Christelijke encyclopedie

F.W. Grosheide (1926)

Gepubliceerd op 08-01-2020

Jericho

betekenis & definitie

In den loop der eeuwen zijn ter plaatse, waar het Jordaandal zich in het Zuidelijkste gedeelte verbreedt tot een oase met een bijna tropisch klimaat, doorjozefus als een waar paradijs beschreven, waarvan nu nog slechts spaarzame resten over zijn, drie nederzettingen verrezen, die alle den naam Jericho hebben gedragen, maar zelfs niet de plaats met elkander gemeen hadden.

De oudste is de stad der Kanaanieten, welke door Jozua op zoo wondere wijze werd ingenomen (Joz. 6). Ze heeft gelegen aan den voet van den Dsjebel (berg) Kardntal, waarop de traditie de verzoeking van den Heere Jezus localiseert (Matth. 4 : 1—11 en par. pil.). Hierover is licht opgegaan door de opgravingen van Sellin en Watzinger (1908/09). Toen werden blootgelegd de resten van twee geweldige ringmuren, waarvan in ieder geval de binnenste uit den tijd voor jozua dateert, terwijl de buitenmuur, voorzoover deze is bewaard, uit den Israëlitischen tijd schijnt te zijn. In het Zuid-Oosten zijn beide muren geheel verwoest, dus juist dáár, waar Jozua moest aanvallen.

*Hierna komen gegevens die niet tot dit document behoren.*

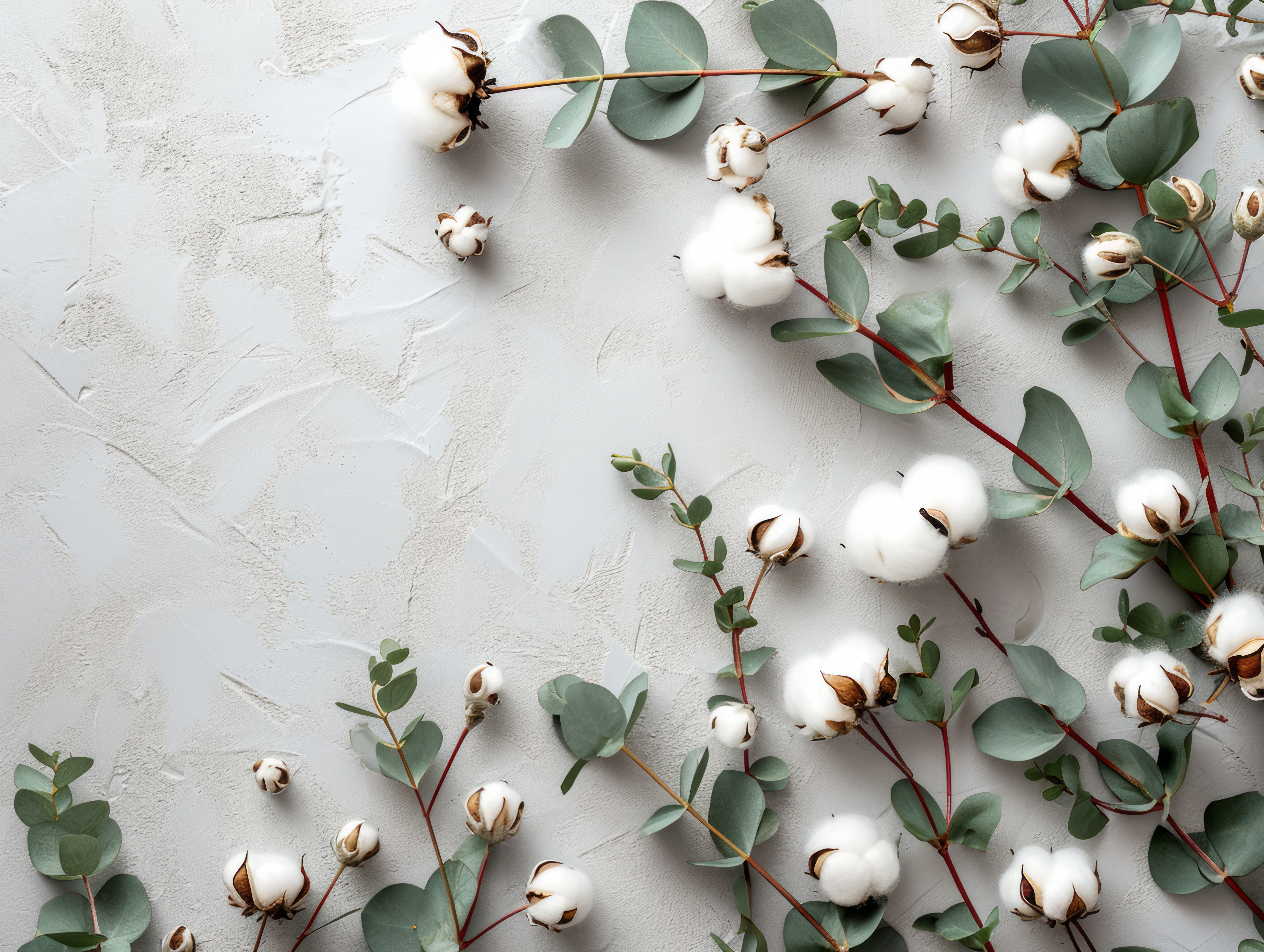 Flat lay flowers composition Cotton flowers and fresh eucalyptus twigs on light gray background Top

Deze stad, die in het derde duizendtal jaren vóór Chr. gesticht schijnt, moet in den Kanaanitischen tijd buitengewoon sterk zijn geweest. Ze had vele handelsbetrekkingen met Egypte, waarvan ook Joz. 2 : 10 gewaagt. Jozua sloeg haar bewoners met den ban (Joz. 6 : 21 v.v.). Dat op hare ruïnen echter betrekkelijk snel een nieuwe nederzetting zich vestigde, waarvan Richt. 3 :13 en 2 Sam. 10 : 5 gewagen, kan alleen hem verwonderen, die zijn oog sluit voor de buitengewoon belangrijke positie, welke Jericho voor het toenmalige handelsleven innam. Het duurde echter tot Achabs dagen, voordat Jozua’s vloek door het ten bouwoffer wijden van Hiël’s zonen werd weggenomen (1 Kon. 16 : 34). Maar tot den ouden bloei bracht Jericho het niet meer, (vgl. 2 Kon. 2 : 5 v.; 25 : 5; Neh. 3:2; 7 : 36; 1 Maccab. 9 : 50). In dat Israëlietische Jericho zijn duidelijke sporen gevonden van Cyprischen invloed, wat wel door Fenicische bemiddeling zal zijn geschied.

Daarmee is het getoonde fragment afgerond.